Data Analysis and Dissemination
There are different types of analysis:
- Descriptive analysis: Descriptive statistics is the term given to the analysis of data that helps describe, show or summarize and organize data in a meaningful way such that, for example, patterns might emerge from the data. Descriptive statistics do not, however, allow us to make conclusions beyond the data we have analysed or reach conclusions regarding any hypotheses we might have made. They are simply a way to describe our data. Examples are: counts, maximum, minimum, range, average, median, mode, text analysis (such as word clouds). The results of a descriptive analysis can be displayed in cross-tabulations, pie graphs, bar graphs or time series. These analyses can be used to produce standard/ad-hoc reports, query drill-downs or alerts.
- Inferential analysis: Inferential statistics are techniques that allow us to use samples to make generalizations about the populations from which the samples were drawn. Inferential statistics arise out of the fact that sampling naturally incurs sampling error and thus a sample is not expected to perfectly represent the population. The methods of inferential statistics are (1) the estimation of parameter(s) and (2) testing of statistical hypotheses.

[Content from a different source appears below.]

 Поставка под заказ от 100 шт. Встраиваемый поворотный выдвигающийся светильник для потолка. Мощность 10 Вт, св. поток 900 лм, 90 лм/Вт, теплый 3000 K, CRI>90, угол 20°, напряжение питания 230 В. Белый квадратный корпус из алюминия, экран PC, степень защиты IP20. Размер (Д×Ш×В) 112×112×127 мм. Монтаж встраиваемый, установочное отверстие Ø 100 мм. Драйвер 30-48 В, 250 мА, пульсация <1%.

For testing association between variables, the following statistical tests can be used: chi squared, Goodman and Kruskal's Gamma, T-test, F-test.

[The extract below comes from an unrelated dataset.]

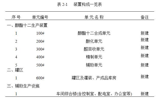 本項目裝置組成包括醇酯十二合成單元、精制單元及輔助生產設施等部分。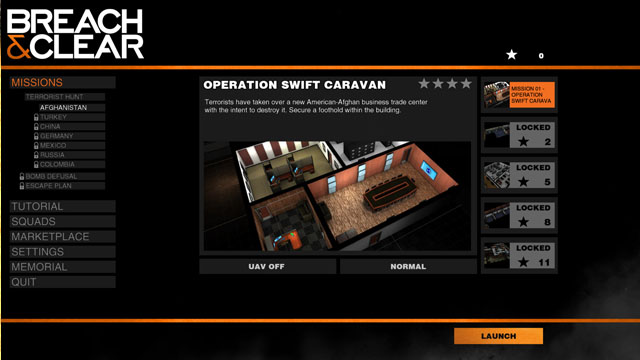 《突破行动》是Mighty Rabbit Studios制作的一款策略游戏,各国的特种部队经常被搬上银幕,而在本作中,玩家可以挑选一共4名队员来组建自己的特战队来执行各项反恐或战略任务,初期可以选择人物的头像,特殊能力等。如何组合,如何制定战略才能顺利完成任务,就靠玩家的智慧了。

- Furthermore, other statistical techniques, most commonly regression, can be done to produce ex-post factum analyses, forecasts, predictive modelling or optimisation models.
The type of analysis to choose depends on which DTM component the data is generated from.
|Examples of standard analysis
|Population breakdowns by administrative level or by population categories (sex-age, nationalities, caseload, type of shelter, type of camp). Time series analysis. *
|Sectoral analysis by administrative level. Critical factor analysis at the site level to generate alerts. Time series. *
|Flow monitoring updates
|Time series analyses, cross comparison with policy updates.
|Flow monitoring surveys
|Descriptive analysis by nationalities or survey countries. Association tests such as chi squared, gamma test. Trends analysis when the sample allows for it.
|Breakdown by population categories.
|Depending on the focus of the survey (return intention, community perception, displacement solutions), the analyses will vary.
*If the dataset includes sufficient number of observations at different times (rounds).
When approaching a dataset, a plan must be defined. Initially, the objective of the analysis and the intended audience must be clearly stated to determine a suitable way of organizing the data. This is helpful to prepare templates prior to the analysis.
Common mistakes to avoid in analysis
- Aggregation mistakes (for example, increases in water supply in one administrative unit do not mean improvements in all sites inside the administrative unit)
- Interpretation mistakes (when reporting on trends over time the analysis must take into account the changes of the total number of sites assessed)
- Incorrect use of absolute numbers vs. relative numbers (in WASH part of the analysis make sure to report the ratio of toilets per person; do not use absolute numbers)
- Failure to compare to standards (when reporting on the ratio of toilets per person, compare the observed ratio to the emergency standard of 50 individuals per toilet)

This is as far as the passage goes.